» WORK TASK: Using the data below, output a verbatim copy of the lines between the one holding "18日,2025张家界国家森" and the one holding "Jharsuguda (51 km)", inclusive, without any pictures.

» DATA SUPPLIED:
···
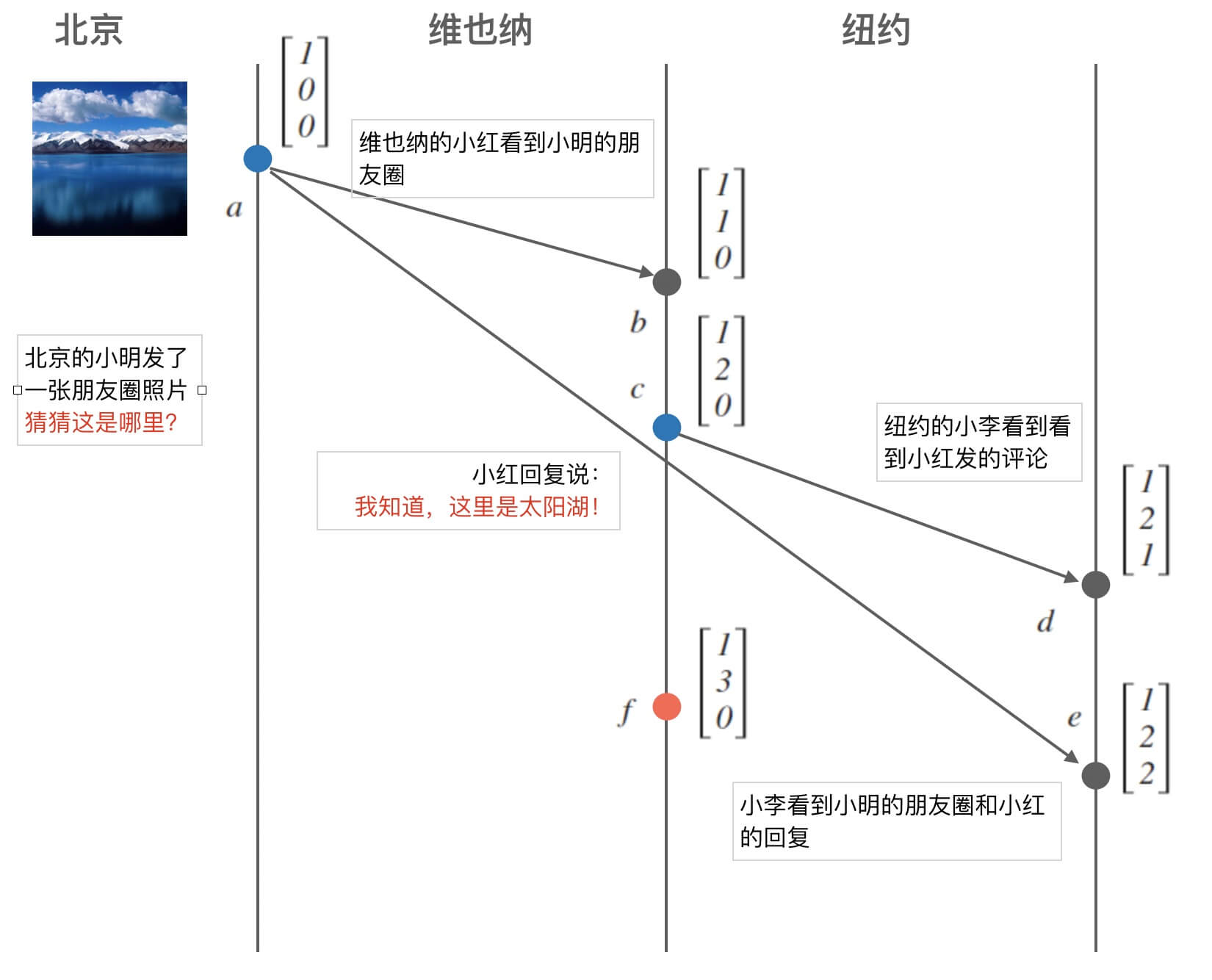在小李看到小明的朋友圈和小红的评论的时候,也收到了这两条数据的向量, 我们可以根据向量时钟来确定事件的先后关系,从而不会显示出因果矛盾。
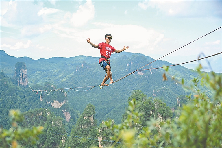 18日,2025张家界国家森林公园黄石寨景区“亚洲之王”千米高空扁带争霸赛开赛。10个国家的顶尖选手,在海拔1092米高的黄石寨峰巅惊险挑战千米之长的高空扁带争霸“亚洲之王”。
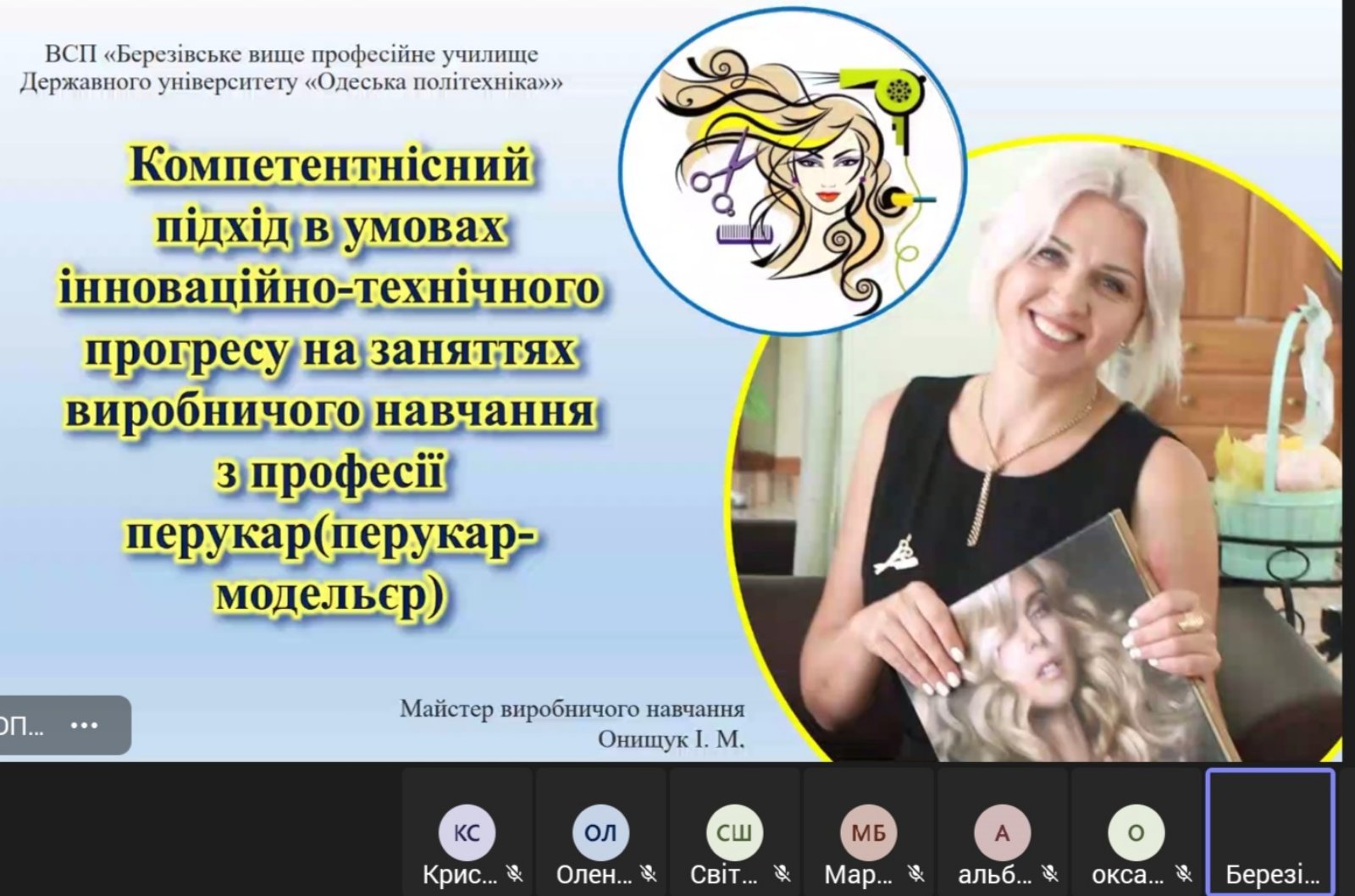 Наглядно представила у своїй доповіді Онищук Інна Миколаївна, викладач спецдисциплін, майстер виробничого навчання ВСП «Березівське вище професійне училище Державного університету «Одеська політехніка», як компетентнісний підхід в умовах інноваційно-технічного прогресу на заняттях виробничого навчання з професії «Перукар (перукар-модельєр» впливає на якість підготовки кваліфікованих робітників.
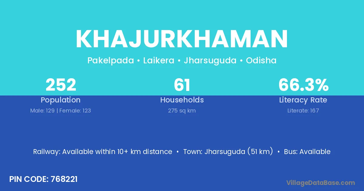Jharsuguda (51 km) is the nearest town to Khajurkhaman village for major economic activities and is located approximately 51 km away.
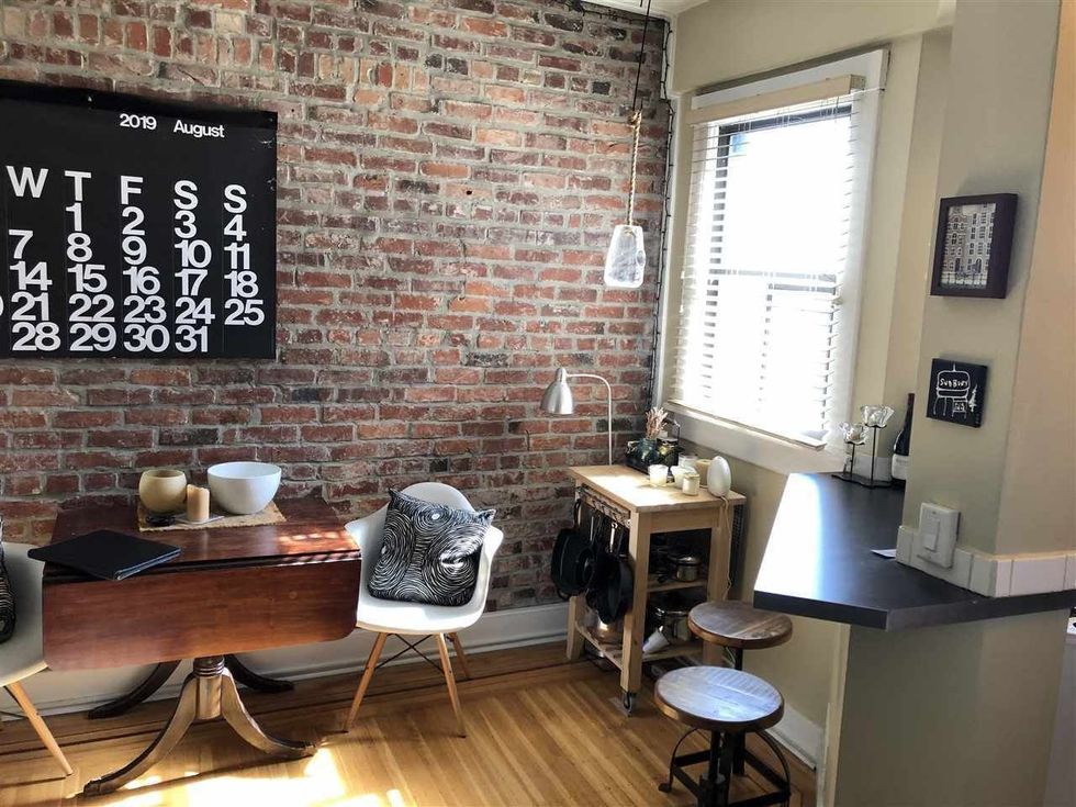 The 1920s structure has plenty of charming details, like exposed brick walls, wood floors, large windows with lots of natural light, and updated kitchens.
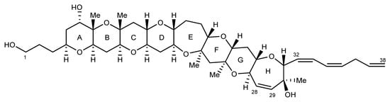 Gambierol (Figure 6) [] is a very lipophilic analogue with eight continuous trans-fused ether rings and a heptatriene sidechain. It displays potent neurotoxicity against mice when administered by i.p. injection, with neurological symptoms similar to those exhibited in CP events. It is a potent voltage-gated potassium channel blocker [,], as well as a functional antagonist of site five in neuronal VGSCs. The latter has a similar mode of action as the P-CTXs. Two independent studies reported that the C-28–C-29 double bond in the seven-membered ring H, and the unsaturated hydrocarbon sidechain C-32–C-38, are structural characteristics crucial for the potent toxicity of gambierol [,].
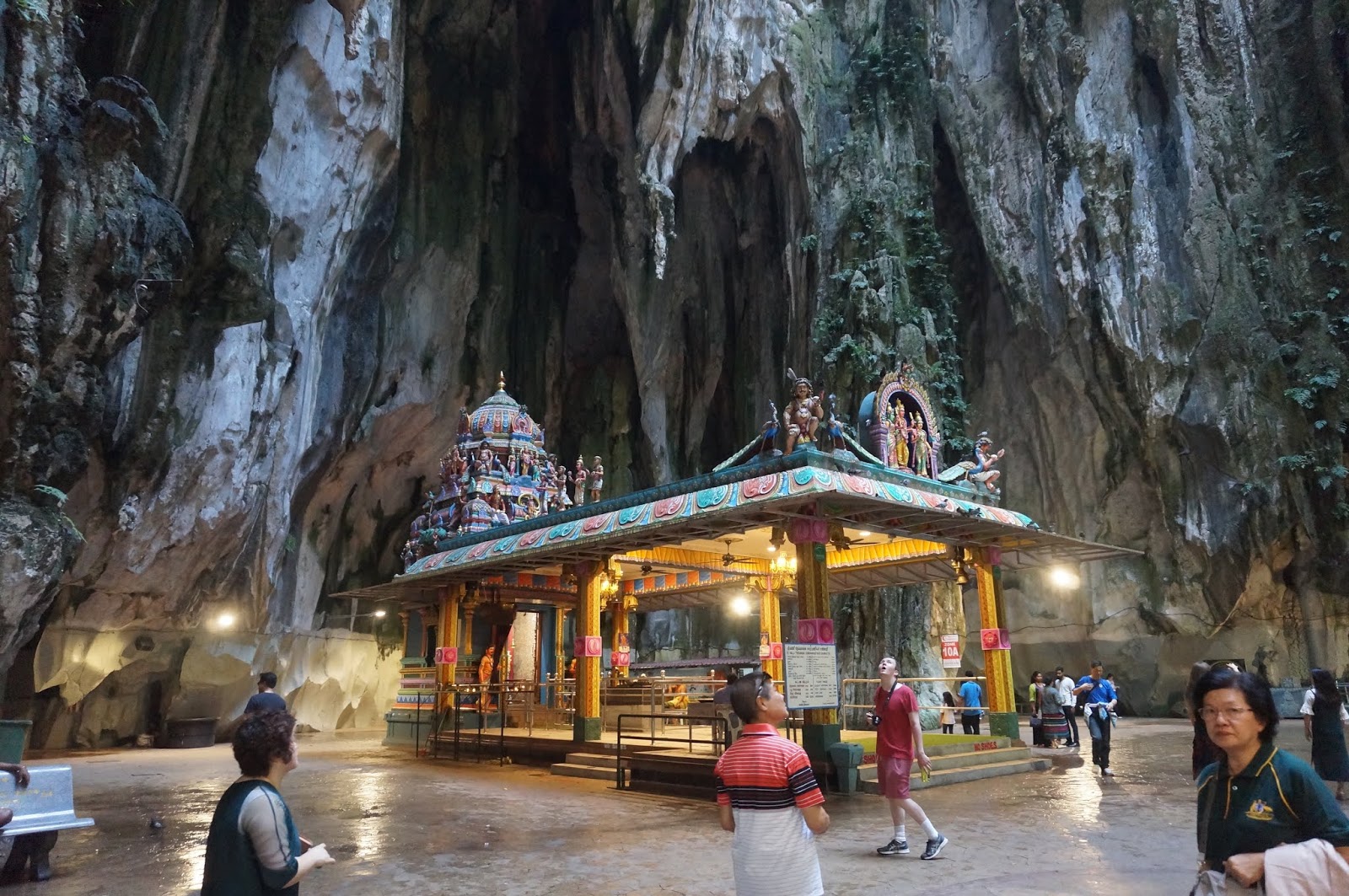 Being as it's a religious temple, women have to have shoulders and knees covered. Men, however can wear anything they want. I was wearing a very modest dress that goes down to mid-knee. That wasn't good enough. A guard lounging at the bottom of the stairs looked at me and officiously pointed to the booth renting scarves. So I had to pay 5 ringgits (about $2) to rent a scarf. I was upset, but figured I'm a guest in their country and I need to respect their beliefs. So the woman tied the scarf around my waist. I said something about women needing to cover their knees, but men didn't have to. She just replied, Men no have to, just ladies! with a smile. With a sigh I smiled back and hiked up the scarf to climb the steps. The scarf fell a few inches below my knees. So all of that for a few inches. We saw the shrines and I returned the scarf (receiving a few ringgits back for the return).
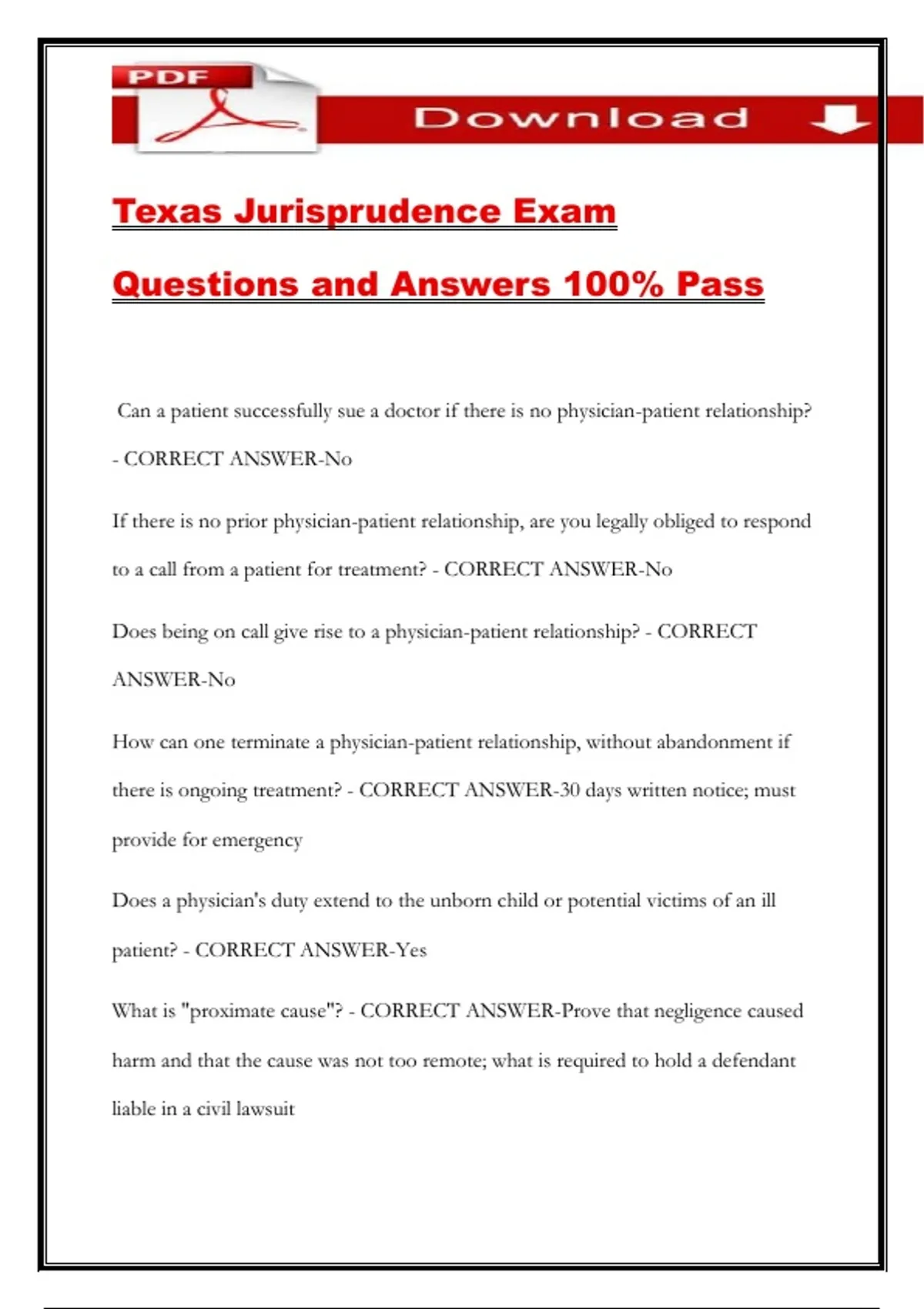Texas Jurisprudence Exam Questions and Answers 100% Pass
···
» TASK RESULT:
 18日,2025张家界国家森林公园黄石寨景区“亚洲之王”千米高空扁带争霸赛开赛。10个国家的顶尖选手,在海拔1092米高的黄石寨峰巅惊险挑战千米之长的高空扁带争霸“亚洲之王”。
 Наглядно представила у своїй доповіді Онищук Інна Миколаївна, викладач спецдисциплін, майстер виробничого навчання ВСП «Березівське вище професійне училище Державного університету «Одеська політехніка», як компетентнісний підхід в умовах інноваційно-технічного прогресу на заняттях виробничого навчання з професії «Перукар (перукар-модельєр» впливає на якість підготовки кваліфікованих робітників.
Jharsuguda (51 km) is the nearest town to Khajurkhaman village for major economic activities and is located approximately 51 km away.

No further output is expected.